Mishra began his acting career in 2010 with the Rajasthani-language film Dhanna Jaat, in which he played Lord Krishna. He made his Hindi film debut with Rizwan, portraying Ziyad, and later appeared in Sikandar. In television, Mishra has appeared in Hindi series including Tenali Rama, Vighnaharta Ganesha and Savdhaan India. He also appeared in Ram Ram Bolo, a devotional music project based on the Hanuman Chalisa.

==Filmography==
===Films===

| Year | Title | Language | Role | Notes |
|---|---|---|---|---|
| 2010 | Dhanna Jaat | Rajasthani film | — | Debut film |
| 2013 | Educated Binadani | Rajasthani film | — | Lead role |
| 2020 | Rizwan | Hindi | Ziyad | Hindi film debut |
| 2025 | Sikandar | Hindi | Constable Jay | Starring Salman Khan |
| 2025 | Kala Hiran | Hindi | Salman Khan | Unreleased/withdrew from project |

===Television===

| Year | Title | Role | Network |
|---|---|---|---|
| 2016 | Amma | — | Zee TV |
| 2016 | Kuch Rang Pyar Ke Aise Bhi | — | Sony Entertainment Television |
| 2016 | Ek Duje Ke Vaaste | — | Sony Entertainment Television |
| 2017 | Tenali Rama | Prince | Sony SAB |
| 2017–2018 | Savdhaan India | Various roles | Star Bharat |
| 2018 | Bahu Hamari Rajni Kant | Yuvraj Singhaniya | Life OK |
| 2018 | Aisi Deewangi Dekhi Nahi Kahi | Sameer | Zee TV |
| 2018 | Kullfi Kumarr Bajewala | — | StarPlus |
| 2019 | Mere Dad Ki Dulhan | — | Sony Entertainment Television |
| 2019–2020 | Vighnaharta Ganesha | Veer Mahendra | Sony Entertainment Television |
| 2020 | Ek Duje Ke Vaaste 2 | — | Sony Entertainment Television |
| 2022–2024 | Crime Alert | Various roles | Dangal |

==Kala Hiran dispute==
In June 2026, Mishra publicly distanced himself from Kala Hiran: The Battle for Legacy, a film reportedly inspired by the 1998 blackbuck poaching case involving Salman Khan.
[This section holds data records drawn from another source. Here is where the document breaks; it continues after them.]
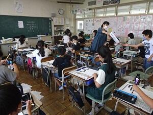 5年2組は家庭科の授業を「一人一授業」で公開していました。道具箱の整理整頓の工夫について考え,クロームブックの画面を見せ合いながら,友達と交流していました。学習したことを,実践につなげてほしいと思います。
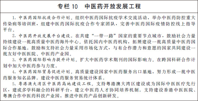 2.深化中醫藥交流合作。鞏固拓展與有關(guān)國家的政府間中醫藥合作,加強相關(guān)政策法規、人員資質(zhì)、產(chǎn)品注冊、市場(chǎng)準入、質(zhì)量監管等方面的交流。鼓勵和支持有關(guān)中醫藥機構和團體以多種形式開(kāi)展產(chǎn)學(xué)研用國際交流與合作。促進(jìn)中醫藥文化海外傳播與技術(shù)國際推廣相結合。鼓勵和支持社會(huì )力量采用市場(chǎng)化方式,與有合作潛力和意愿的國家共同建設一批友好中醫醫院、中醫藥產(chǎn)業(yè)園。加強與港澳臺地區的中醫藥交流合作,建設粵港澳大灣區中醫藥高地,打造高水平中醫醫院、中醫優(yōu)勢專(zhuān)科、人才培養基地和科技創(chuàng )新平臺。
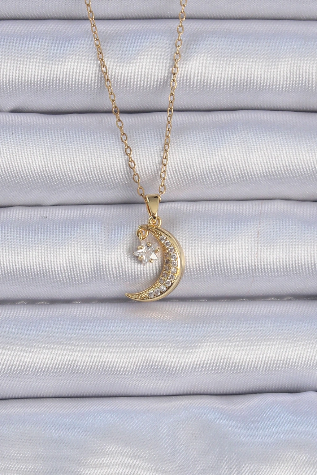 316L Çelik Zincir Altın Renk Zirkon Taşlı Sallantılı Ay Yıldız Kolye
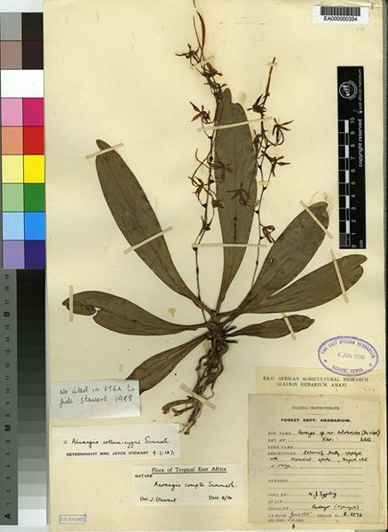 References W3 Tropicos, Kew Monocot list , IPNI ; AOS Bulletin Vol 37 No 11 1968 as A compta photo fide; Orchids of East Africa Piers 1968 as A compta; AOS Bulletin Vol 3 1970 photo as A compta photo fide; The Orchids of South Central Africa Williamson 1977 drawing/photo ok; Flora of Tropical East Africa Orchidaceae Part 3 Cribb 1989; African Orchids in The Wild and Cultivation La Croix 1997 drawing good; Orchid Digest Vol 70 #4 2006 photo fide; Angraecoid Orchids Stewart, Hermans, Campbell 2006

Mishra, who had been cast as a character resembling Khan and had filmed portions of the project, said that he withdrew after developing concerns over the film's portrayal of the actor.

Mishra stated that he had not initially been provided with the complete script and alleged that material subsequently shown to him included provisions requiring him to make negative statements about Khan during promotional activities. He cited creative and ethical differences with the makers as reasons for leaving the project.

The film subsequently became the subject of legal proceedings after Khan approached the Delhi High Court, alleging infringement of his personality and publicity rights. Veteran actor Govind Namdev, who was also associated with the film, separately distanced himself from the project following the release of its promotional material.